Traffic rates are easier to understand than traffic burstiness. When specifying a contract for network admission control (See Why Traffic Policing), you might have trouble describing expectations in terms of multiple burst sizes above a single rate. The dual-rate, three-color (2R3C) policer simplifies matters by primarily employing rates to differentiate conform, exceed and violate. It also introduces a second rate, PIR (Peak Information Rate)
CIR and PIR have
the following characteristics:
-
Traffic
below the
CIR is conforming.
-
Traffic
greater than
CIR but less than
PIR is exceeding.
-
Traffic
above
PIR is violating.
You specify these rates with the cir and pir keywords of the police command. (For details, please refer to the command page for police.)
With a 2R3C
policer, unlike a 1R3C, we replenish token buckets independently whenever a
packet arrives at the policer.
We refill conforming buckets at rate CIR; it can
contain up to value Bc.
; exceeding buckets, at PIR; it can contain up
to value Be.
Note |
PIR must exceed
CIR and overflow between buckets is disallowed.
|
If a steady stream
of packets arrives at a rate exceeding the CIR but less than the PIR, all
packets are marked either conforming or exceeding. With the 1R3C policer, this
scenario would have resulted in marking a minimal number of packets as
exceeding and a majority as conforming or violating.
A 2R3C policer
supports three possible actions for each packet: conform, exceed, and violate.
Traffic entering the interface configured with a
dual-rate policer is placed into one of these action categories, which dictates
how we treat a packet. For instance, in the most common configuration, you can
configure to send packets that either conform or exceed (with a decreased
priority), and to drop packets that violate.
Figure 3. Dual-Rate,
Three-Color Policer
When a packet arrives, we assess whether ample
tokens exist in the conforming
and exceeding
buckets to cover that packet. If so, we take the conforming action (typically,
transmit or transmit and mark) and remove the necessary tokens to transmit the
packet from
both
buckets.
If the Exceeding Token Bucket (but not the Conforming Token Bucket) contains sufficient tokens to cover the packet, we take the exceeding action (typically, transmit or transmit and marking). The appropriate number of tokens are removed from the exceeding bucket only.

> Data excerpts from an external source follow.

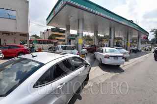El precio de la gasolina en algunas gasolineras de la ciudad de Toluca continúa bajando, lo que ha provocado que los automovilistas hagan fila para poder cargar combustible aprovechando los bajos precios. FOTO: CRISANTA ESPINOSA AGUILAR /CUARTOSCURO.COM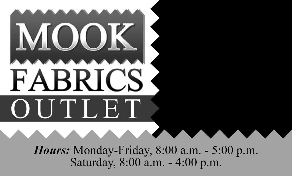 R091193 Valid ONLY on Sat. Feb. 25, 2023 Must present coupon at time of purchase. Limit one per customer. C2023222 Expires 3/8/23 Must present coupon at time of purchase. Limit one per customer C2023222 $12.99 PROPANE REFILL 20 LB. CLIP AND SAVE! $5.00 OFF ANY PURCHASE OF $45.00 OR MORE Expires 3/8/23 Must present coupon at time of purchase. Limit one per customer C2023222 Valid ONLY on Sat. Mar. 4, 2023 Must present coupon at time of purchase. Limit one per customer. C2023222 $5 OFF ALL PAINT FREE PER GALLON LIMIT 5 PER CUSTOMER SEPTEMBER FARM SANDWICH TICKE M KET WITH $50 PURCHASE L R092590 HUGE SELECTION OF FABRIC! Over 10,000 Bolts! Dress, Quilting, Tapestry, Tapestry Flannel, Fleece, Home Decor, , Sewing Notions & Lots More! Hours: Mon.-Thurs. 8am-5pm; Fri. 8am-7pm & Sat. 8am-4pm 247 W. Main St., Leola, PA 17540 • 717-556-8546 R091739 GIFT CERTIFICAT ES! TES! S hipping Available Shipping Av Drawing for Mook Gift Certificate (daily) for Mook Gift Certificat February 20-25 10% OFF STOREWIDE 50% OFF DOTTED/RED TAGGED ITEMS 6 BIG DAYS ONLY! (Feb. 20, 21, 22, 23, 24 & 25)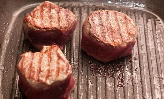 Now take a frying pan with a thick bottom and warm it up in advance on a strong fire. As soon as it starts to smoke, remove it from fire and let it cool down a bit. Then put slices of filet on the frying pan so that there would be sufficiently large distance between them. Cover with salt and pepper, fry each slice around two minutes on each side. If you use a grill pan, turning over a slice of fillet, put it to the side in order to form a typical grid pattern. After the completion of the cooking, put your filet minion into the oven for about ten minutes and turn it on for the temperature of 50 degrees. Do not forget to cover the dish from the top in foil. It is required to intensely warm up the meat inside and to spread the meat juice evenly inside it.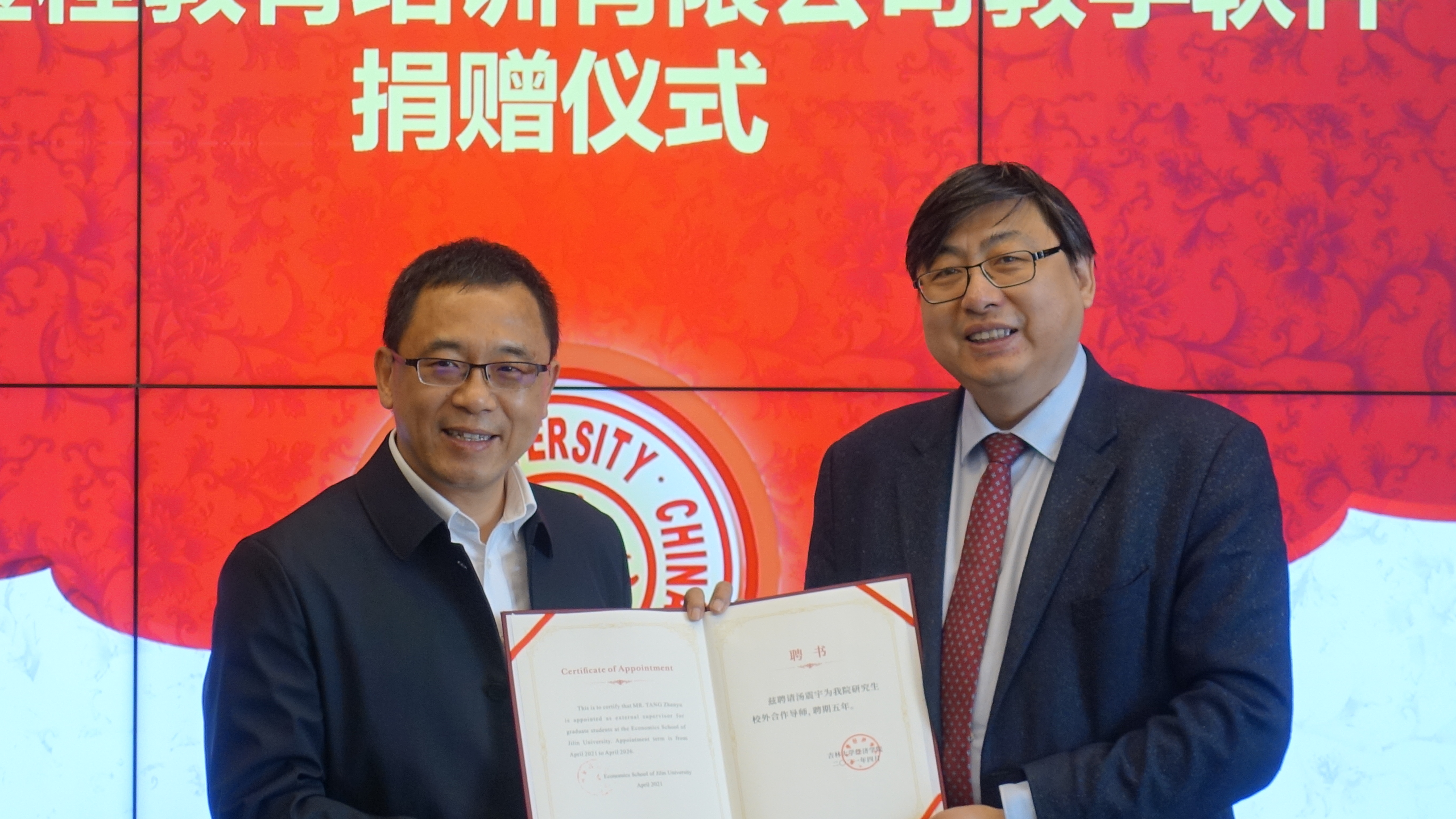 ylzzcom永利总站线路检测党委书记聂宏凯老师、院长丁一兵教授为汤震宇博士颁发了捐赠证书和捐赠纪念牌。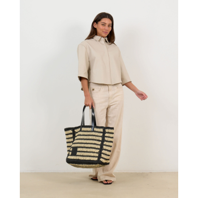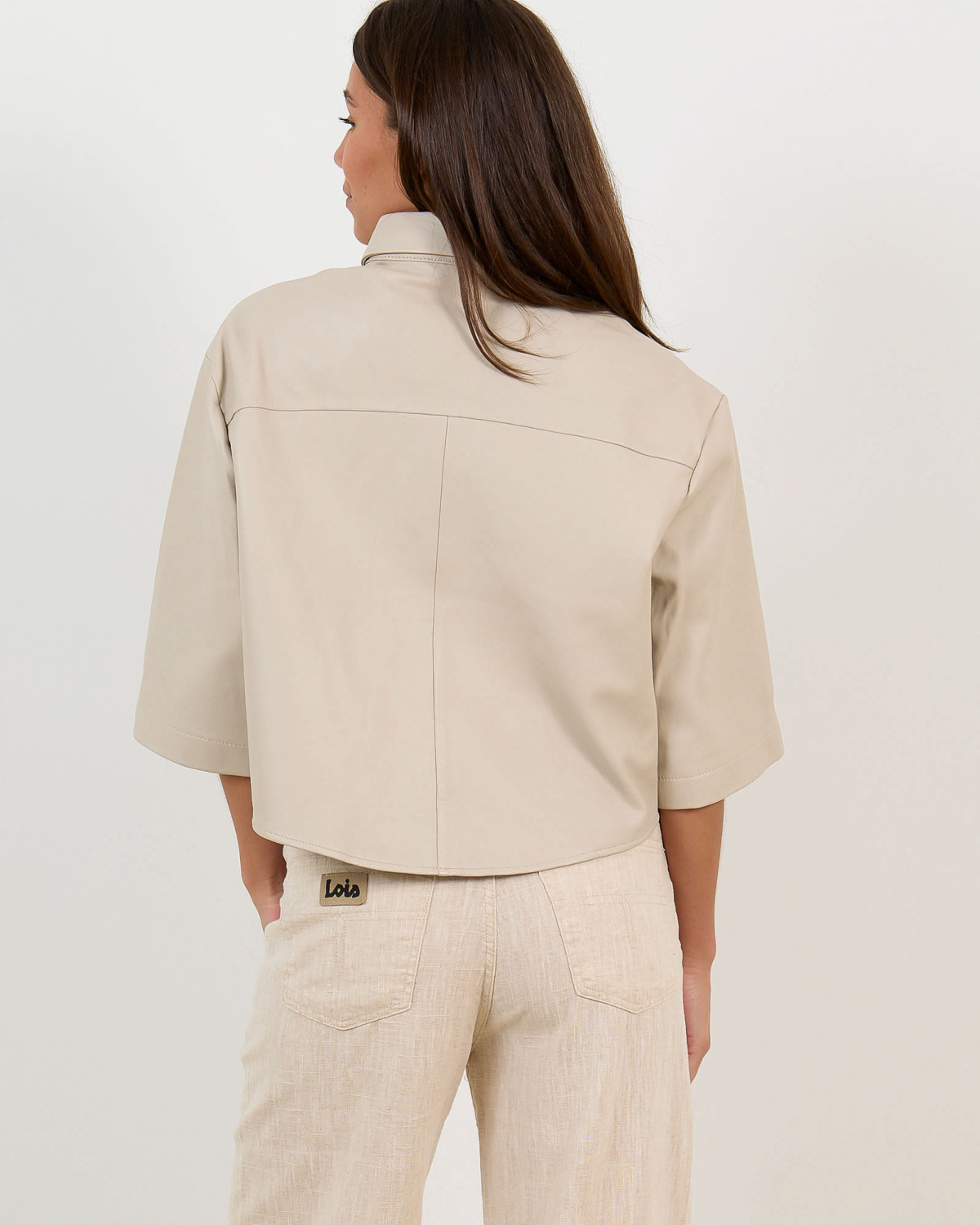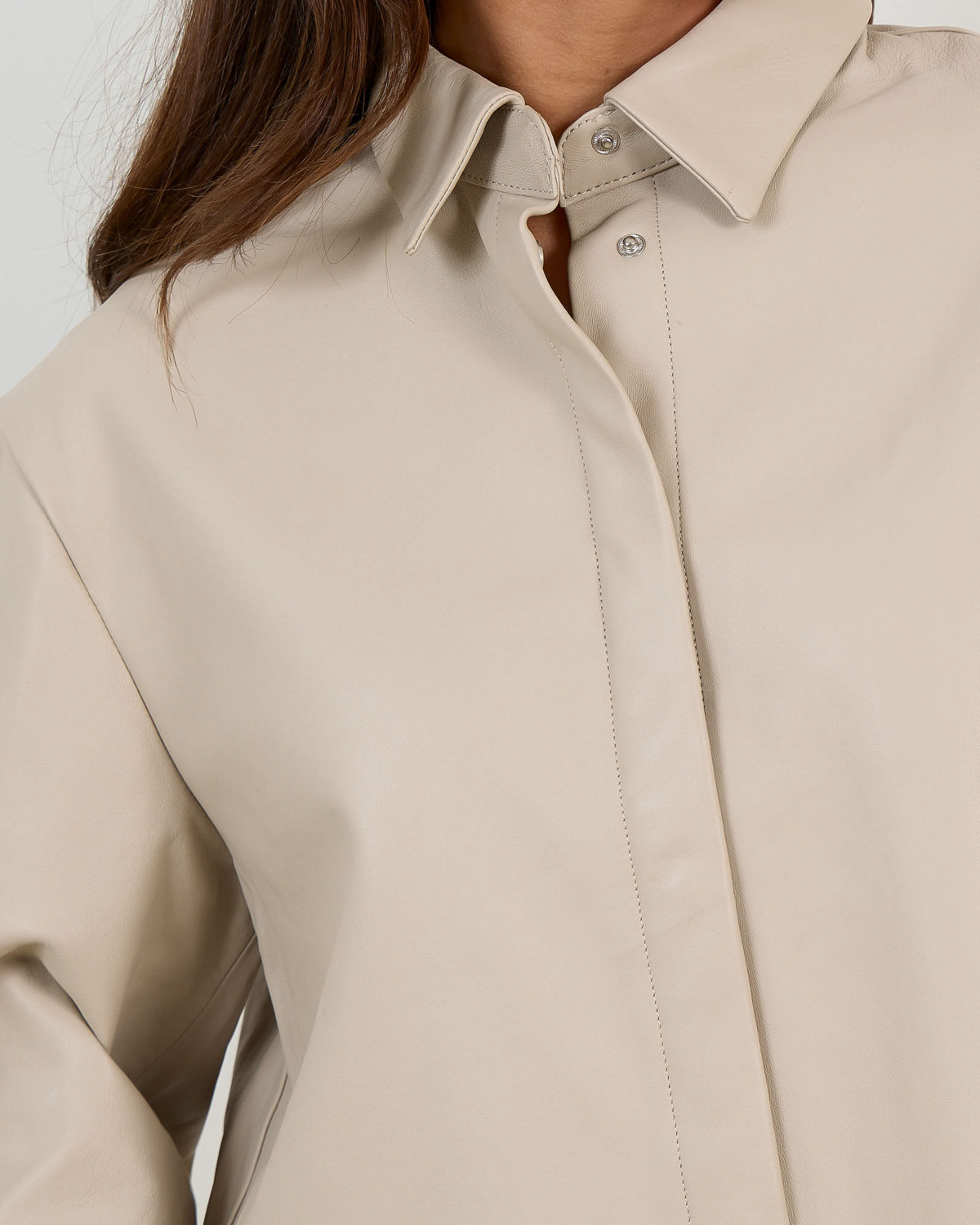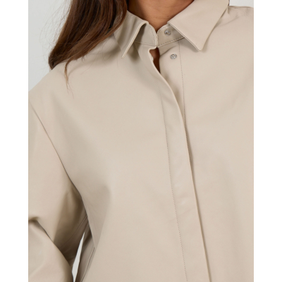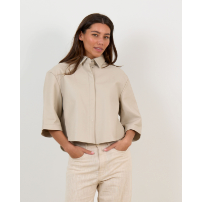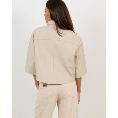 This sophisticated leather blouse combines luxurious sheepskin with contemporary design. The off-white tone creates a refined foundation, while the relaxed fit ensures comfortable wear throughout the day. Three-quarter sleeves provide versatility, and the classic collar with button closure adds structured elegance. Crafted from 100% sheepskin by Alter Ego, this women's clothing piece features contrasting stitching details that highlight the premium craftsmanship. The cropped silhouette brings modern appeal to this timeless leather essential.

If neither bucket has sufficient tokens to cover the packet, the violating action is taken (typically, transmit, transmit and marking, or drop):
policy-map ingress-enforcement
class af41-metering
police cir 100k bc 3000 pir 150k be 3000 conform-action set-dscp-transmit af41 exceed-action set-dscp-transmit af42 violate-action drop
Observe how code from the preceding example and the corresponding code from Single-Rate, Three-Color Policer differ:
cir 100k bc 3000 pir 150k be 3000
cir percent 10 bc 5 ms be 10 ms
In the immediate
example, we handle traffic accordingly:
-
Up to 100Kbps
(allowing for bursts up to 3,000 bytes) as conforming and forward it with DSCP
marked as af41.
-
Above 100Kbps
but less than 150Kbps (again allowing a 3,000 byte burst) as exceeding and
forward it marked as af42.
-
Above 150Kbs
as violating; we drop it.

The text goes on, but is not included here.